SNG7 OpenSSL Error

Hello,
i tested the new SNG7 Distro and i have some problems with openssl.

I have installed the Nginx from repository and tried to connect a phone with a valid SSL Client cert with the server.

Nginx has an error and the phone cannot get the config files:
ignoring stale global SSL error (SSL: error:0D0C50A1:asn1 encoding routines:ASN1_item_verify:unknown message digest algorithm) while waiting for request,

Config:
ssl on;
ssl_certificate /etc/httpd/pki/webserver.pem;
ssl_certificate_key /etc/httpd/pki/webserver.key;
ssl_client_certificate /etc/httpd/pki/yealink/ca.crt;
ssl_ciphers ALL:-RC4+SSLv2;
ssl_verify_client on;
ssl_verify_depth 2;

I use the same configs on a PBXACT UC60 Appliance and everything works.
I just copied the Nginx config files and certs from PKI folder to the new SNG7 Server.

Does anyone know how to solve this?
I tried updating curl, nginx and openssl but had no luck. The errors are still there.

1 Like

The distro uses Apache. We don’t support nginx. Sorry.

I know, but maybe someone can help in the community. We just use it to provision snom, panasonic and yealink on their rps server.
I did not find much but it seems like a problem with openssl and nginx but i did not solve it. Nginx is missing something. It worked on 10.13.66 before.

Surely

https://forum.nginx.org

Would be a better place to start, no?

Why are you using a PBX distro to do something that a webserver and/or TFTP server will do? That makes no sense at all.

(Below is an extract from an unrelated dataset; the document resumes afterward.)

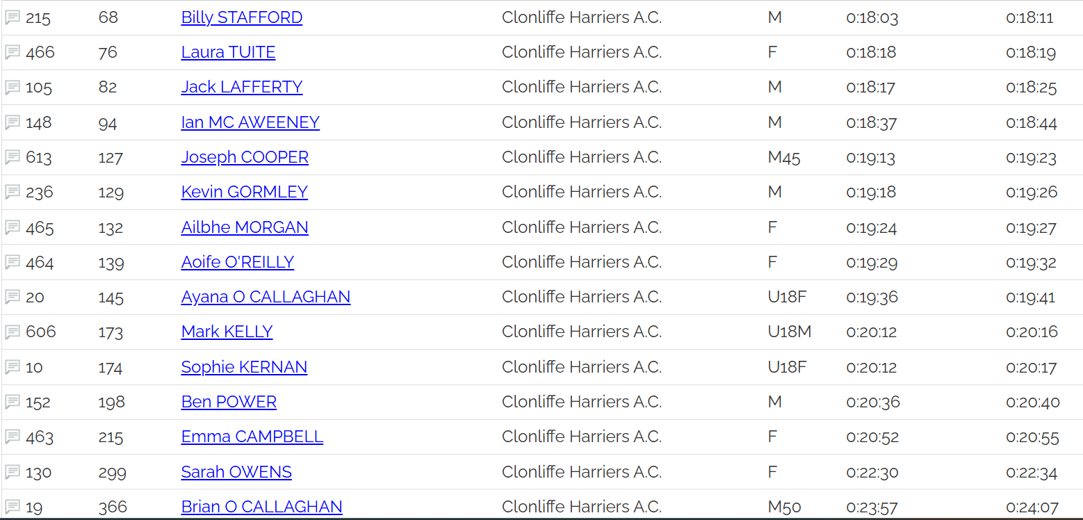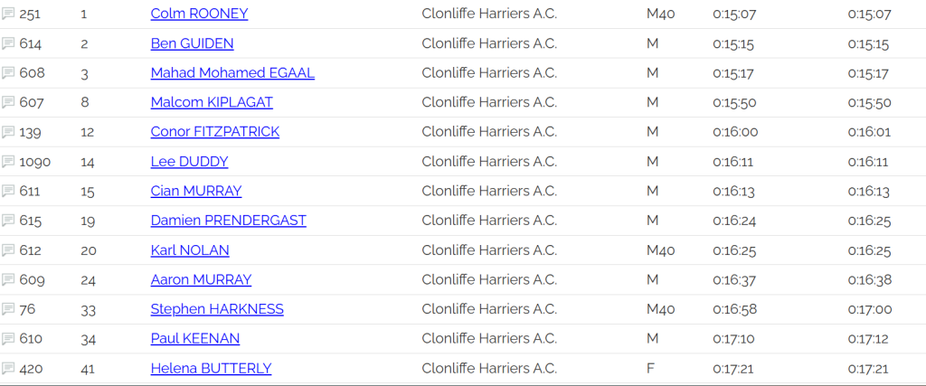 Clonliffe Tallaght 5k results:

We developed a module that syncs epm with the rps servers from the manufacturers. We offer zero touch provisioning for snom yealink panasonic polycom mitel. Nginx secures the rps configs with client certs and a lot of request filters based on the requesting phone cert, so that only the phone with his own cert can only get his own config. A yealink phone with a valid client cert has his mac address in the cn. Nginx only allows requests to the config file containing the cn mac adress. There are some more filters and fail2ban rules securing it more.

This is why we use nginx. Apache cannot do this.

We solved it now on a other way. We host nginx on a clustered webserver. So we just pick up the configs from the customers pbx and sync it. If the customer is adding a phone in epm. It gets automatic synced to rps for s few days to let the customer install his phones.

Btw. We talk about cloud hosted pbxact uc systems. No customers from us get local installed systems at the moment.

This error has nothing to do with Nginx. It is your Apache config sending bad data.

Something in the FreePBX 14 openssl config is different than it was in FreePBX 13.
Even without Nginx in the middle, Yealink T42G and T46G (basically all the G series models) cannot get provisioning over HTTPS.

Thanks but all I said was we don’t support NGNIX on our distro. Which is true. This thread was about ngnix not apache as detailed by the OP.